Post Deployment Setup in Gathr

After successfully deploying Gathr, the post-deployment setup involves key tasks to ensure a seamless and secure experience. This includes creating a workspace and user, conducting basic sanity checks for the Gathr application, enabling SSL for enhanced security, configuring externalization properties for partial templates, and initiating the Frontail server to monitor the Gathr application effectively.

Create Workspace and User

You can create workspace and user in Gathr.

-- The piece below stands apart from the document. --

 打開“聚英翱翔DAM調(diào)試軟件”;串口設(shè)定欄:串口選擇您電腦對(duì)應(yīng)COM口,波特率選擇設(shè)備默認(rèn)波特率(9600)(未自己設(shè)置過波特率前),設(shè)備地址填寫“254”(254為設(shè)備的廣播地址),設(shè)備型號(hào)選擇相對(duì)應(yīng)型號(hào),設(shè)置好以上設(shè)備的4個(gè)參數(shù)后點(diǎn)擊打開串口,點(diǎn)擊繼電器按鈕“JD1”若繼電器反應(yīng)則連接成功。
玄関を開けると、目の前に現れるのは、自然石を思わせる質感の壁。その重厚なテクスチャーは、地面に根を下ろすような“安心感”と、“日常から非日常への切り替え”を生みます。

You can authenticate Workspace user for GCP, either by login as Superuser and then navigate to Manage Workspace -> Create Workspace section or by login as Workspace user and then navigate to Manager Users -> Edit User section.

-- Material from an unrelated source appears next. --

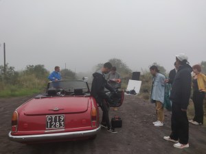 CineCampus shooting (from left to right): Directing tutor Anne-Riitta Ciccone, Production tutor Livia Barbieri, Nelle Verweirder (Belgium), Adam Bentel (South Africa), Camera tutor Kate Eccarius.

Login to Gathr using superuser creds and navigate to Manage Workspace tab.


Do a Basic Sanity Check

Performing a basic sanity check is crucial before using Gathr. This step ensures that all essential components are functioning properly, laying the foundation for a smooth experience.

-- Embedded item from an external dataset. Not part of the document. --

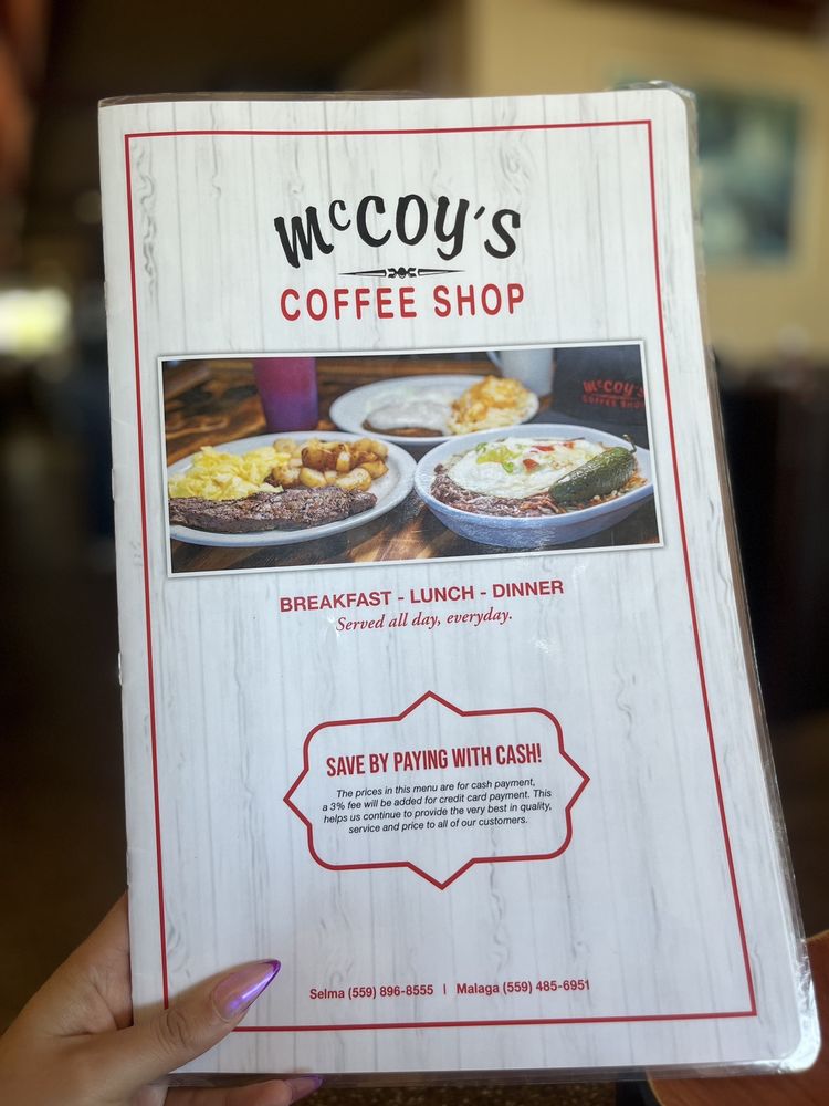 McCoy's Coffee Shop is a cozy breakfast and brunch spot located in Selma, CA. The menu offers a variety of options for all tastes, including dishes perfect for breakfast lovers. With convenient utilities like takeout, delivery, and reservations accepted, McCoy's Coffee Shop makes dining easy and enjoyable. The casual atmosphere is great for groups and families, with outdoor seating available for those who prefer to dine al fresco. The menu features a wide selection of dishes, from classic breakfast staples to more unique options. Whether you're in the mood for a hearty breakfast or a light brunch, McCoy's Coffee Shop has something for everyone. Don't forget to try their delicious coffee and relax in this inviting space.

Launch Dataproc Cluster from Gathr

Effortlessly manage Dataproc clusters in Gathr with the steps given below:

  1. Login to Gathr Application with your workspace user you have created in previous steps.

  2. Navigate to the Cluster List View tab:

    basic-sanity-01

  3. Click on β€œ+” icon on the right, to create a new cluster.

    Provide the below details:

    • Cluster Name: Any random name to your dataproc cluster

    • Cluster Type: Standard, Single Node or HA.

    • Region, Zone: Region and zone where you want to launch cluster.

    • Primary Network: VPC network which we created.

    • Subnetwork: Subnet which we created.

    • Autoscaling Policy: you can create an Autoscaling policy if you want GCP to manage the scaling of cluster resources based on the load. To create a policy, Go to Cluster list view -> Auto Scaling Policy -> β€œ+” icon to create a new policy. (Here we are going with None option for basic Sanity)

    • Scheduled deletion: Enable this option to delete your cluster on a scheduled time or for some idle period.

    • Internal IP only: enable this option to launch dataproc cluster with private IP only.

    basic-sanity-02

    On the Software configuration page Select:

    • Image Version: The image which you dataproc cluster will be using (Debian 11, Rocky Linux 8, or Ubuntu 20.04)

    • Optional Components: You can select additional services to run on your dataproc cluster like Solr, HBase, Zookeeper, etc.

    • Enable Component Gateway: Enable this if you want to access Web UI of the Optional components you selected above.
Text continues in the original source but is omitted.